Vascular tumors of the conjunctiva are rare entities, with the most common being lymphangiomas and pyogenic granuloma and one of the rare ones being cavernous hemangioma [2]. Conjunctival cavernous hemangiomas can appear at any age and have a multiloculated appearance sometimes associated with other vascular syndromes like Sturge–Weber syndrome [2]. Hemangiomas are true non-reactive proliferative neoplasms based on an international study of vascular tumors and conjunctival hemangioma is a rare entity comprising about 4% of nonmelanocytic tumors of the conjunctiva [3].

Cavernous conjunctival hemangiomas have been reported in patients from 17 to 76 years old of age, with no age, sex, and race predilection [4]. The main complaint of patients is the cosmetic appearance and they can either be followed or an excisional biopsy can be done with good results [4] as our patient.

The initial diagnosis for our patient was malignant conjunctival melanoma, a malignant tumor, as opposed to the benign conjunctival cavernous hemangioma, which can be easily treated without systemic dissemination and was ultimately confirmed as the final diagnosis. It is important to think of conjunctival cavernous hemangioma as a differential diagnosis of conjunctival malignant melanoma. This may reduce the patient’s stress as well as change the surgical approach for treatment.

No datasets were generated or analysed during the current study.

We also extend our thanks to clinical research development center of Imam Khomeini and Mohammad Kermanshahi and Farabi Hospitals affiliated to Kermanshah University of Medical Sciences for their kind support.
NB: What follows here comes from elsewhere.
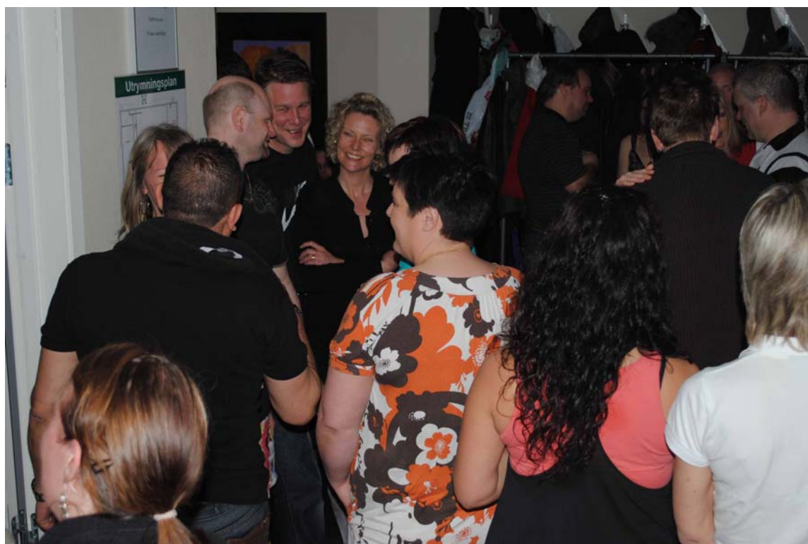
Mingel i cafeterian en vanlig påskfest!

This research received no specific grant from any funding agency in the public, commercial, or not-for-profit sectors.

Authors and Affiliations

1. Tavallali Eye Infirmary, Shiraz, Iran

   Ali Tavallali

2. Clinical Research Development Center, Imam Khomeini and Mohammad Kermanshahi and Farabi Hospitals, Kermanshah University of Medical Sciences, Kermanshah, Iran

   Leila Rezaei

3. Student Research Committee, Kermanshah University of Medical Sciences, Kermanshah, Iran

   Zeinab Mousavi

Contributions

Dr. Tavallai and Prof. Rezaei wrote the main manuscript text and Dr. Mousavi prepared figures and refrences and revised the case report. All authors reviewed and approved the manuscript.

Corresponding author

Correspondence to Leila Rezaei.

Ethical approval

We report this case with the written informed consent of the index case, ethical approval of our research center, and adherence to Helsinki tenets.

Competing interests

The authors declare no competing interests.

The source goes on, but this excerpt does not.